I have the same problem, can't connect to a service ip from the service's pod. I have a nginx service 10.10.10.180 and nginx pods 20.1.1.3, in the nginx pod the connection to 10.10.10.180 was return timeout, but the connection to other service was ok.
Environment:
docker version: 1.12.5 contiv version: https://github.com/contiv/install/releases/tag/1.0.0-beta.3 OS: Centos7 (3.10.0-327.28.3.el7.x86_64) Kubernetes version: kubectl version
Client Version: version.Info{Major:"1", Minor:"5", GitVersion:"v1.5.1", GitCommit:"82450d03cb057bab0950214ef122b67c83fb11df", GitTreeState:"clean", BuildDate:"2016-12-14T00:57:05Z", GoVersion:"go1.7.4", Compiler:"gc", Platform:"linux/amd64"} Server Version: version.Info{Major:"1", Minor:"5", GitVersion:"v1.5.3", GitCommit:"029c3a408176b55c30846f0faedf56aae5992e9b", GitTreeState:"clean", BuildDate:"2017-02-15T06:34:56Z", GoVersion:"go1.7.4", Compiler:"gc", Platform:"linux/amd64"}
Contiv network setting: netctl global inspect
Inspecting global { "Config": { "key": "global", "arpMode": "proxy", "fwdMode": "bridge", "name": "global", "networkInfraType": "default", "pvtSubnet": "172.19.0.0/16", "vlans": "1-4094", "vxlans": "1-10000" }, "Oper": { "clusterMode": "kubernetes", "numNetworks": 1, "vxlansInUse": "1" } }
netctl net ls
Installation method: I follow https://github.com/contiv/install/blob/master/README.md#kubernetes-14-installation to install Kubernetes and Contiv
My topology is as below:
Issue Description
I tried with the the example @neelimamukiri gave https://github.com/microservices-demo/microservices-demo/blob/master/deploy/kubernetes/complete-demo.yaml?raw=true. But the situation is the same, the pods are unable to communicate with each other via their cluster ip (10.254.0.0/16) cidr.

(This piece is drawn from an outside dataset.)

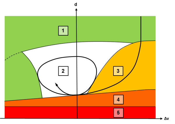 | Achsen: d: Abstand, Δv: Änderung der Geschwindigkeit | 3: Annäherungsbereich |

I used tcpdump to debug the issue. Following is what I found. I tried to connect from "cart" to "cart-db" in the example. Docker "cart" is on node 192.168.50.48, contiv endpoint is 20.1.1.1 Docker "cart-db" is on node 192.168.50.46, contiv endpoint is 20.1.1.13, with cluster ip 10.254.210.119, the db listens on port 27017
Experiment 1: connect to "cart-db" endpoint ip Result: Accessible
Experiment 2: connect to "cart-db" cluster ip Result: Inaccessible
Experiment 3: connect to "cart-db" cluster ip from another docker within the same host (node3:192.168.50.46) Result: Accessible
kubectl get po --all-namespaces -o wide | grep node3
sock-shop cart-db-2053818980-v7d5p 1/1 Running 0 21h 20.1.1.13 node3-vm5-46 sock-shop orders-3248148685-n0gp3 1/1 Running 0 21h 20.1.1.8 node3-vm5-46 [truncated]My suspicion:
From experiment 2, we can see the DNAT is actually working for translate 10.254.210.119 to 20.1.1.13. But when the reply comes, the SNAT rule is missing translate 20.1.1.13 back to 10.254.210.119. From the view of "cart", it doesn't get reply from 10.254.210.119 though it actually gets it from 20.1.1.13 but ignored.